From the first line to the last, transcribe the data exactly and skip the pictures.

**Given records:**
══════════
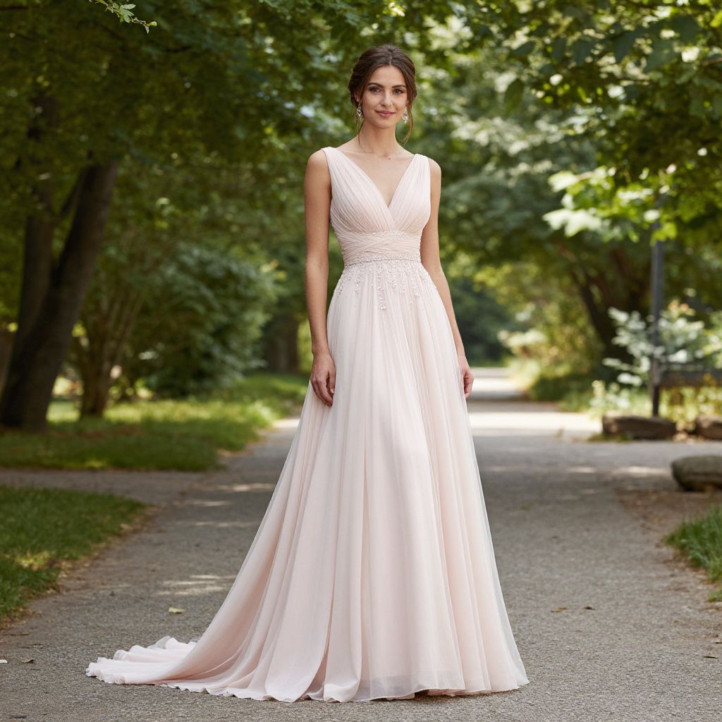 Elegant woman in a flowing pink wedding dress stands gracefully on a paved path, surrounded by lush greenery and soft sunlight filtering through the trees.
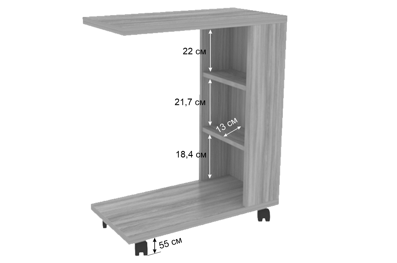 Состоит из: стола с 2-мя полками, на колесиках. Изделие симметричное.
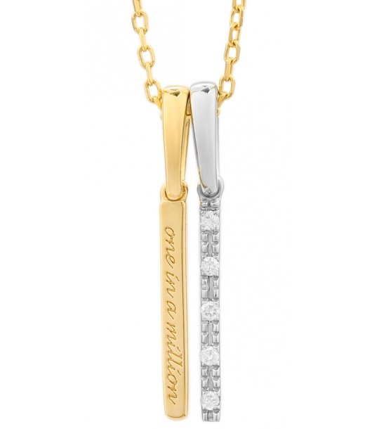 Un pandantiv este gravat cu o inscripție, iar celălalt este decorat cu pietre strălucitoare.
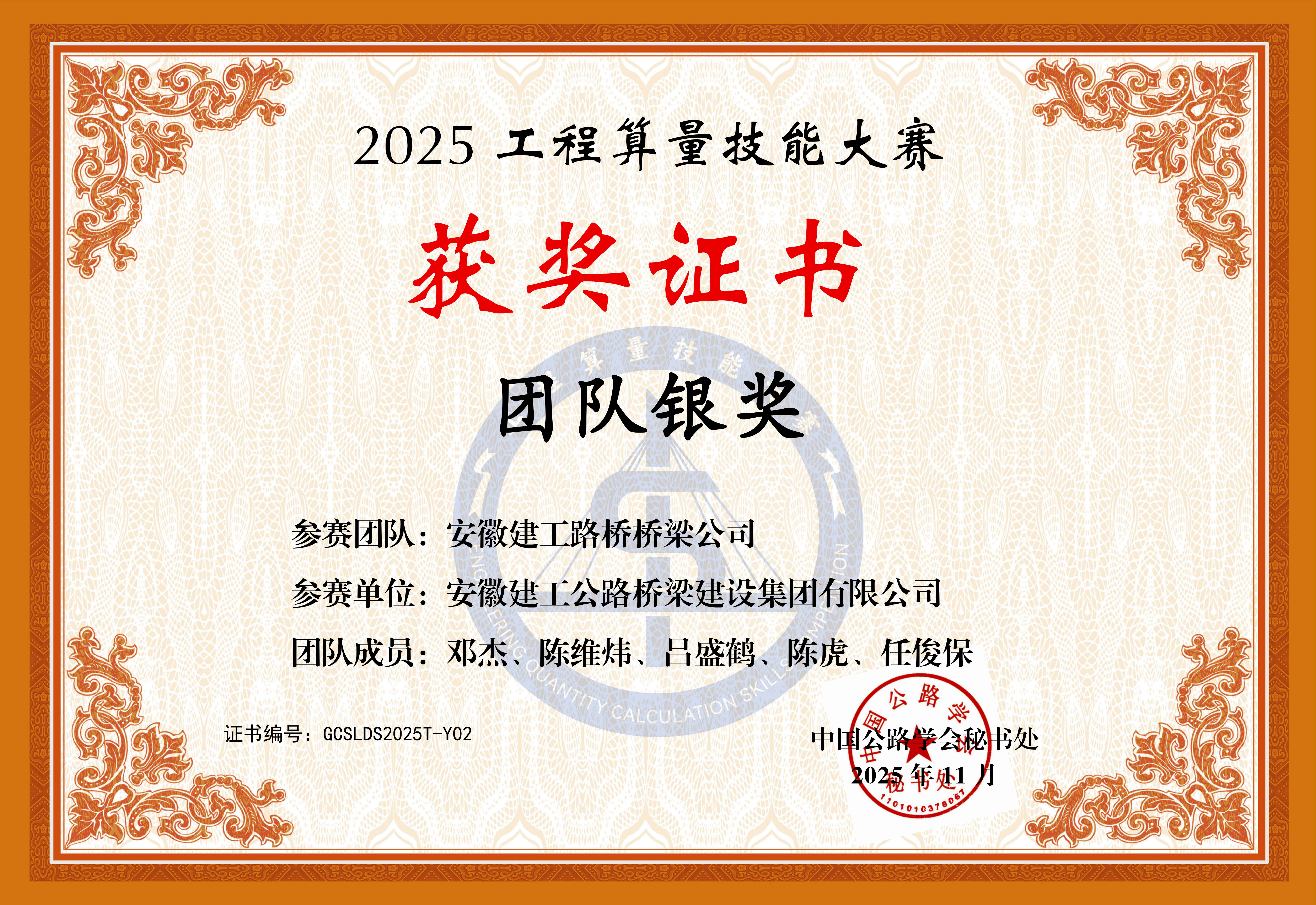 技藝比拼,賽場(chǎng)亮劍顯鋒芒。11月,從廣州傳來(lái)捷報(bào),橋梁公司代表隊(duì)在2025年全國(guó)工程算量技能大賽中脫穎而出,榮獲團(tuán)體賽銀獎(jiǎng)。這項(xiàng)由中國(guó)公路學(xué)會(huì)主辦的全國(guó)性權(quán)威賽事,比拼的是工程精細(xì)化管理和成本控制的硬核實(shí)力。榮譽(yù)的背后,是公司造價(jià)管控專(zhuān)業(yè)水準(zhǔn)的集中體現(xiàn),也為項(xiàng)目提質(zhì)增效提供了堅(jiān)實(shí)的技術(shù)支撐。
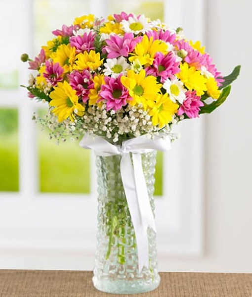 Silindir Cam Vazoda Rengarenk Papatyalar
══════════
**Completed task:**
 Elegant woman in a flowing pink wedding dress stands gracefully on a paved path, surrounded by lush greenery and soft sunlight filtering through the trees.
 Состоит из: стола с 2-мя полками, на колесиках. Изделие симметричное.
 Un pandantiv este gravat cu o inscripție, iar celălalt este decorat cu pietre strălucitoare.
 技藝比拼,賽場(chǎng)亮劍顯鋒芒。11月,從廣州傳來(lái)捷報(bào),橋梁公司代表隊(duì)在2025年全國(guó)工程算量技能大賽中脫穎而出,榮獲團(tuán)體賽銀獎(jiǎng)。這項(xiàng)由中國(guó)公路學(xué)會(huì)主辦的全國(guó)性權(quán)威賽事,比拼的是工程精細(xì)化管理和成本控制的硬核實(shí)力。榮譽(yù)的背后,是公司造價(jià)管控專(zhuān)業(yè)水準(zhǔn)的集中體現(xiàn),也為項(xiàng)目提質(zhì)增效提供了堅(jiān)實(shí)的技術(shù)支撐。
 Silindir Cam Vazoda Rengarenk Papatyalar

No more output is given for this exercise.